Por WAGNER ROMÃO*
Sobre a revogação do título de “doutor honoris causa”, concedido pela Unicamp a Jarbas Passarinho em 1973
Na próxima terça-feira, 28 de setembro, o Conselho Universitário da Unicamp terá a chance de reparar uma decisão contrária à formação científica e cidadã que nossa Universidade tem a missão de transmitir a nossas e nossos estudantes e à sociedade.
Em 1973, no período mais violento da ditadura militar, a Unicamp concedeu ao então ministro da Educação, o coronel Jarbas Passarinho, o título de Doutor Honoris Causa.
O Estatuto da Unicamp, no capítulo “Dignidades Universitárias” prevê que sejam agraciadas com esse título “pessoas que tenham contribuído, de maneira notável, para o progresso das ciências, das letras ou das artes” e, ainda, “aos que tenham beneficiado, de forma excepcional, a humanidade ou tenham prestado relevantes serviços à Universidade”.
Além do coronel Passarinho, a Unicamp já agraciou com o Doutor Honoris Causa homens como os físicos Gleb Wataghin e Cesar Lattes, o professor Antonio Cândido de Mello e Souza, os escritores Mário Quintana e Ernesto Sábato, o político André Franco Montoro, o arquiteto Oscar Niemeyer, os bispos Dom Paulo Evaristo Arns e Dom Pedro Casaldáliga, o químico Otto Gottlieb, o médico Willy Jean Malaisse, o engenheiro Cristiano Amon, o marechal-do-ar Casimiro Montenegro Filho.
Apenas no mês passado, a demógrafa Elza Berquó se tornou a primeira mulher a receber o título, o que também deve nos causar revolta, tantas são as cientistas, artistas e literatas dignas deste título em nosso país e fora dele.
Todas essas pessoas são lembradas por sua dedicação às ciências, às artes, à universidade e à humanidade de modo mais geral.
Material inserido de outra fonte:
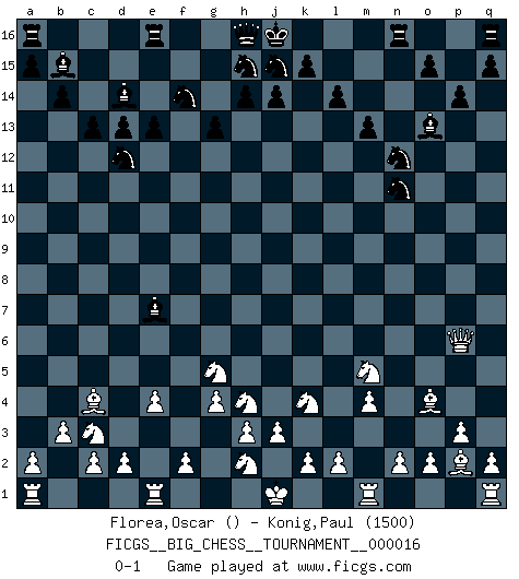 Last move : 0-1 2008 February 7 15:29:58 [Event "FICGS__BIG_CHESS__TOURNAMENT__000016"] [Site "FICGS"] [Date "2007.12.20"] [Round "1"] [White "Florea,Oscar"] [Black "Konig,Paul"] [Result "0-1"] [WhiteElo ""] [BlackElo "1500"] 1.p1-o3 g15-g13 2.g2-g4 f15-f13 3.b2-b3 e15-e13 4.c1-b2 p16-o14 5.p2-p3 d15-d13 6.o1-p2 c15-c13 7.m2-m4 b15-b14 8.l1-o4 b16-c14 9.o3-m2 g16-f14 10.g1-f3 f16-d14 11.j2-k4 c16-b15 12.e2-e4 m15-m13 13.h1-l4 l15-l14 14.k1-l3 l16-p12 15.f1-c4 n15-n13 16.b2-n13 k16-m15 17.l4-f9 m15-n13 18.f9-f13 c14-d12 19.f13-k9 p15-p14 20.l3-m5 p12-o13 21.k9-n6 o16-m14 22.m2-k3 m16-n16 23.b1-c3 n13-p12 24.n6-p6 p12-n11 25.k3-h4 o14-n12 26.f3-g5 m14-e7 0-1 Follow this game move after move (download)Fischer is the strongest player in the world. In fact, the strongest player who ever lived. (Larry Evans) Gegen einen Schachcomputer zu verlieren ist wie Löcher in den Strümpfen zuhaben. Es ist nicht peinlich, solange man der einzige ist der es weiß. (Anonymous) Aquel que teme a un Peón de Reina aislado, debería de retirarse del Ajedrez. (Siegbert Tarrasch) Vouloir jouer aux échecs contre soi-même est aussi paradoxal que vouloir marcher sur son ombre. (Stefan Zweig) Now you put water in a cup, it becomes the cup; You put water into a bottle it becomes the bottle; You put it in a teapot it becomes the teapot. Water can flow or it can crash. Be water, my friend. (Bruce Lee)

Não é o caso do coronel Passarinho.
Passarinho é lembrado por ter sido um dos artífices do Ato Institucional número 5, o “golpe dentro do golpe”, que escancarou o autoritarismo e a perseguição aos opositores da ditadura militar. Professores, técnicos-administrativos e estudantes foram perseguidos, aposentados compulsoriamente, exilados, torturados, assassinados. A universidade brasileira foi um dos principais alvos do AI-5.
O título foi proposto pelo reitor Zeferino Vaz na primeira sessão extraordinária do Conselho Diretor da Unicamp – ainda não existia o Conselho Universitário com sua diversidade de representações – no dia 30 de novembro de 1973. Cinco dias depois, Passarinho participaria de uma formatura na Unicamp como paraninfo de turma e lhe seria entregue o título.
Quem lê a ata da sessão acima citada, percebe como aquela homenagem “de ocasião” – feita às pressas, no contexto de um regime de exceção e numa universidade ainda frágil – era parte da estratégia de Zeferino Vaz para proteger a Unicamp, que ele estava construindo.
A concessão deste título a um herói da ditadura – que mandou “às favas os escrúpulos de consciência” na edição do AI-5 – marca um período de sombras na história da Universidade no Brasil, em que dirigentes das universidades concediam honrarias aos seus próprios algozes como estratégia de sobrevivência política.
É para que essa mácula não mais nos pese, para honrar as outras pessoas que já receberam o Doutor Honoris Causa pela Unicamp e pela afirmação da autonomia da Universidade pública brasileira – nestes tempos em que a democracia novamente é ameaçada por integrantes do poder central – que votarei a favor da revogação deste título.
*Wagner Romão é professor de ciência política e representante docente no Conselho Universitário da Unicamp.